Гущин закрыл за собой дверь, и Платов вышел в соседнюю, секретную комнату для переговоров, где находились трое из его группы анализа, уже введенные в курс дела...
– Что будем делать, господа хорошие? – Он внимательно, зорко всматривался в лицо каждого, переводил взгляд с одного на другого. Все трое молчали. Наконец один из них кашлянул и тихо сказал:
– Собственно говоря, нам надо сделать выбор перед убийством физическим и политическим...
– Знаете что? – зло сказал Платов. – Мне от вас не афоризмы нужны, а дельные советы. Будь я на вашем месте, я бы, конечно, тоже молчал В общем, еду! Иначе завтра мне просто нельзя будет на люди показаться. Что ж! Попробуем и мы на их идее намыть свое золотишко.
Он снова взял со стола трубку радиотелефона и связался с руководством городской телерадиокомпании:
– Приветствую вас! Примите два распоряжения! Первое: немедленно прервать передачи и передать в эфир текст экстренного сообщения: «Как только что стало известно, во время проведения сегодняшнего траурного шествия и митинга готовится покушение на губернатора области Платова». И второе: извиниться за изменение в сетке программ и объявить, что... по просьбе трудящихся оба городских канала будут вести прямую трансляцию с траурного митинга и похорон. Работать не менее чем тремя камерами. Одна камера – постоянно на губернаторе. Всё поняли?
– Но... – смешался директор телерадиокомпании, – простите, Николай Иванович, мы уже не успеем. И это что, серьезно?
– Разумеется, серьезно, – грубо сказал Платов. – И именно поэтому вы должны успеть! У вас же есть дежурный автобус ПТС! Так что, если меня... ухлопают, получите сенсационный материал, так сказать, мирового класса.
– Значит, вы... едете? – почти шепотом проговорил один из его ближайших советников-аналитиков.
Платов не ответил и даже не взглянул на него. Он задумался о жене и дочери. Обе были сейчас дома, в особняке, и вполне могли стать свидетельницами этого крутого шоу. Он позвонил в особняк, коменданту губернаторского дворца.
– Коржиков! Это я! Немедленно, без всяких вопросов – отключить телеантенну на крыше! Немедленно, слышал? Беги и отрубай!
Он вызвал Гущина. Тот вошел очень бледный, с крепко сжатыми губами.
– Не трусь, майор, – сказал Платов. – Ну что, написал? Давай подмахну!
– Никак нет, господин губернатор! Передвижная телевизионная станция.
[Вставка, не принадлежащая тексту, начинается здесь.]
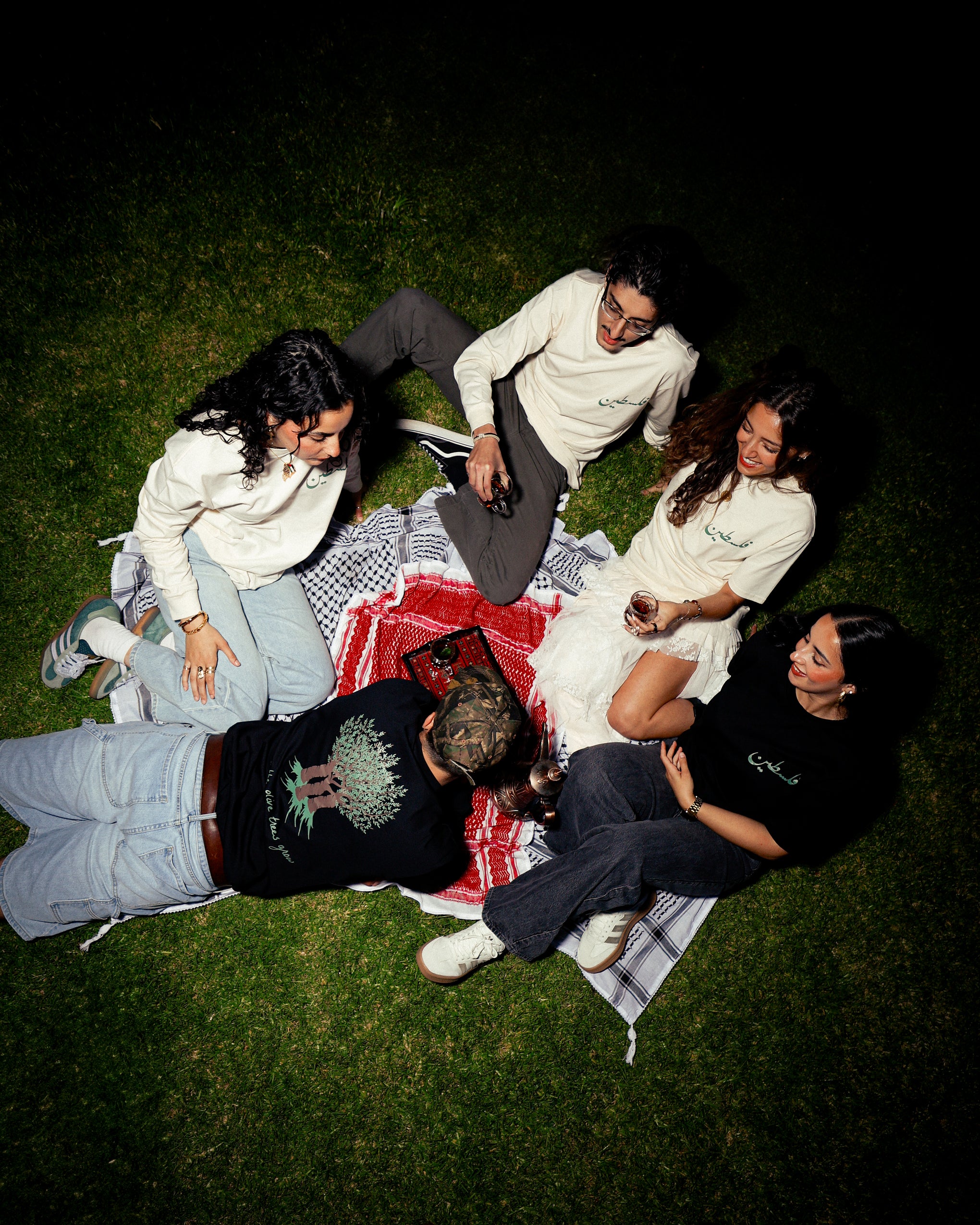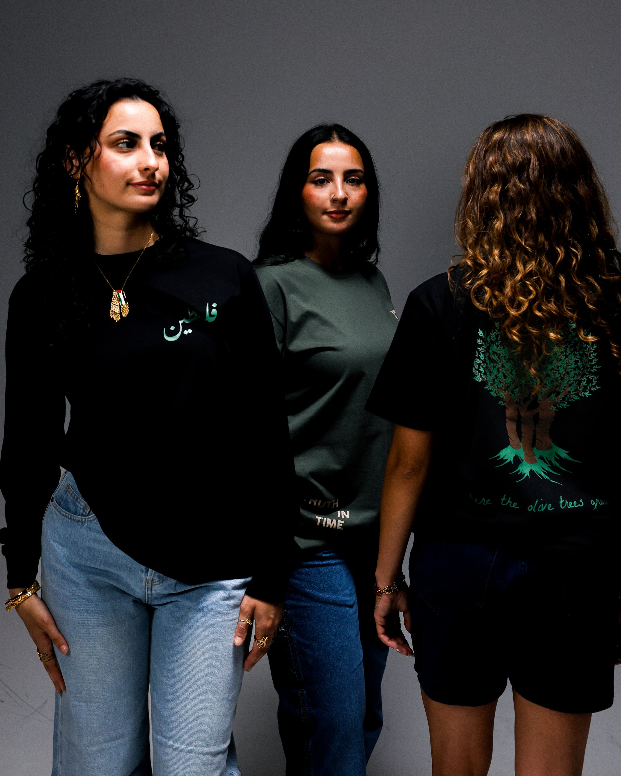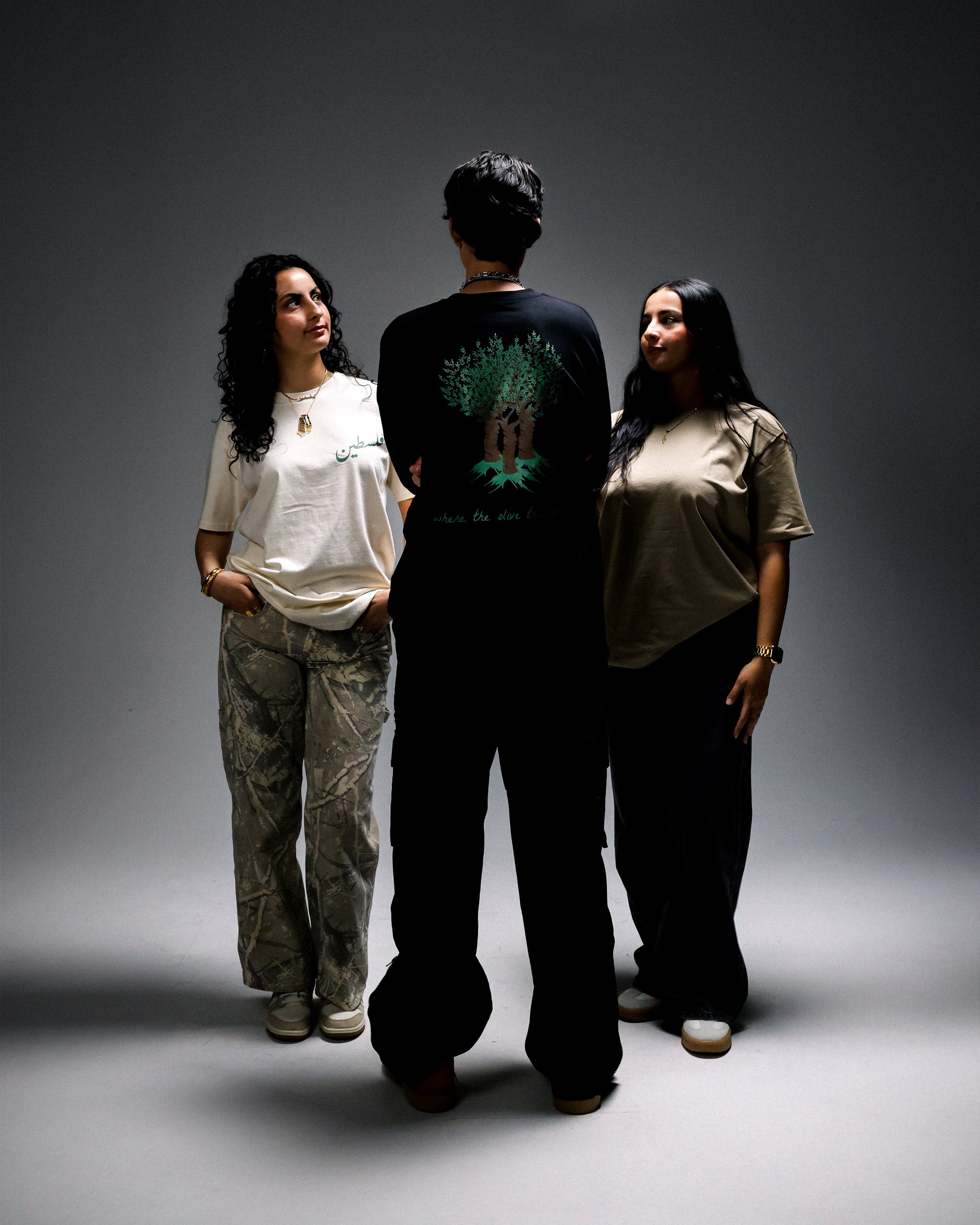 A nod to Palestinian identity and resilience, it blends culture with style. The olive tree, symbolizing strength, peace, and deep-rooted heritage, adds a meaningful touch, making the piece not just fashion, but a tribute to heritage and resistance. The design brings together bold graphics and powerful messaging, perfect for those who wear their beliefs on their sleeve.

– Ну, и на том спасибо. В общем, так: в темпе тащи мой бронежилет, ну, тот, белый, титановый, и прикинем, где буду я и где будут твои. Все остальное – в твоей компетенции. Блокировать все подъезды, расставить по позициям твоих снайперов. Ну и все, что положено...
– Значит, решили?
– Двум смертям не бывать.
В это время опять тревожно заверещал телефон. Один из ближайших сотрудников Платова поспешно взял трубку и поднял на губернатора растерянные глаза:
– Николай Иванович, это Клемешев. Просит вас...
Платов взял трубку:
– Слушаю, Геннадий Петрович!
– Что-то я ничего не пойму, Николай Иванович... – Он был явно взволнован, встревожен, даже поздороваться позабыл. – Я сам не видел, но мои люди в приемной... Там у нас телевизор... сказали, будто своими ушами слышали, мол, готовится покушение на губернатора... Ахинея какая-то! Так вы будете на прощании? Я сам сейчас выезжаю...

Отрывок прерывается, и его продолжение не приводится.